The good thing about having one cluster per retention window is that it is easy to scale and tune each according to their ingestion rate. It is for example possible to rely on different node flavors to optimize costs/performance ratios like in a hot-warm-cold Elasticsearch architecture.

Then it’s just one pair of vminsert per cluster with the default configuration. If a vmstorage is down the vminsert simply redirect the write to another node

Read path

As much as we like some features of MetricsQL (like the better handling of rate extrapolation, or WITH templates) we wanted to avoid vendor locking. Our user base is wide, basically everybody in the Criteo R&D has to deal with metrics at some point, they already have to know Graphite and PromQL so we wanted to avoid them having to worry about subtilities like when you can or cannot use MetricsQL. To do so we forked vmauth and added a PromQL check to ensure only PromQL queries are being evaluated. Additionally, we implemented a replay mechanism that duplicates queries to our backup cluster, allowing us to perform proper load testing after maintenance operations, such as version upgrades.

vmselect nodes are able to target vmstorage nodes from all clusters at once and that’s basically all we needed to unify the three layers of retention.

We kept all configuration parameters to their default values for vmselect nodes, they are able to run queries over a maximum of 300k timeseries whereas BigGraphite has a limit at 7k which is a pretty big quality of life improvement for troubleshooting big applications.

Are we satisfied?

Absolutely! In terms of stability and reliability, SLAs speak for themselves, we proudly display >0.998% availability over a year so we do sleep really well

In terms of performance, VictoriaMetrics has exceeded our expectations. It effortlessly handles the ingestion of 2 million datapoints per second per host without flinching. Even when fetching 300,000 timeseries for troubleshooting queries, the response remains impressively fast. The Grafana Metrics browser is highly responsive, enabling smooth exploration of available metrics. Furthermore, the VictoriaMetrics team has always been highly responsive and frequently releases updates, continuously pushing the boundaries of what the system can achieve.

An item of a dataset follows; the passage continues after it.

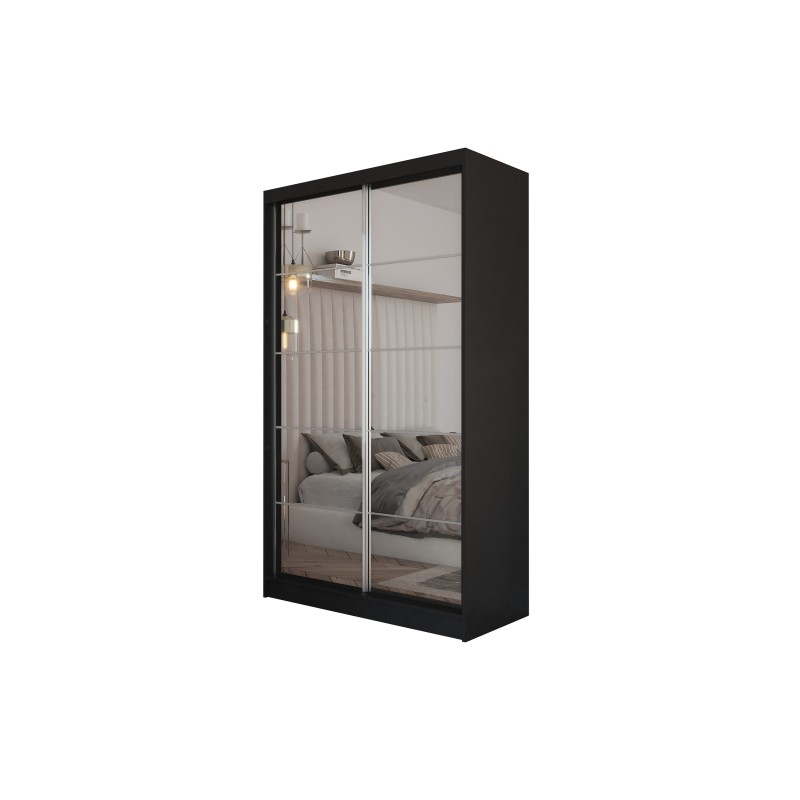 Szafa Przesuwna FIORELLA 120 cm z Lustrem Szafa Dwudrzwiowa Czarna

Did we suffer from the lesser compatibility with PromQL ? No, to be honest, if you only run PromQL on it it makes little to no difference and when it did we found that it was for the better most often than not.

Last but not least, in terms of costs we are able to store about 15 times more datapoints for about four times less infra costs with better SLAs than with BigGraphite.

VictoriaMetrics : 15 computes + 46 storage for 20T datapoints
BigGraphite : 226 Computes + 156 storage for 1.3T datapoints

What could be improved?

No solution is perfect so here what’s we think is perfectible:

  1. Currently, replacing a vmstorage node is a manual process that involves data copying as VictoriaMetrics does not support cluster rebalancing. However, our storage servers have a very low failure rate so for now we had to perform this action only once.
  2. VictoriaMetrics is able to ingest data in the past but it requires to clear the vmselect cache to be sure that the newly ingested data is available
  3. Our development teams, responsible for libraries, SDKs, and frameworks, would greatly appreciate the ability to query data from all tenants without having to federate and duplicate metrics in their respective tenants. This functionality could potentially be achieved through the use of tools like GitHub — jacksontj/promxy: An aggregating proxy to enable HA prometheus, which has recently shown signs of renewed activity.

--

--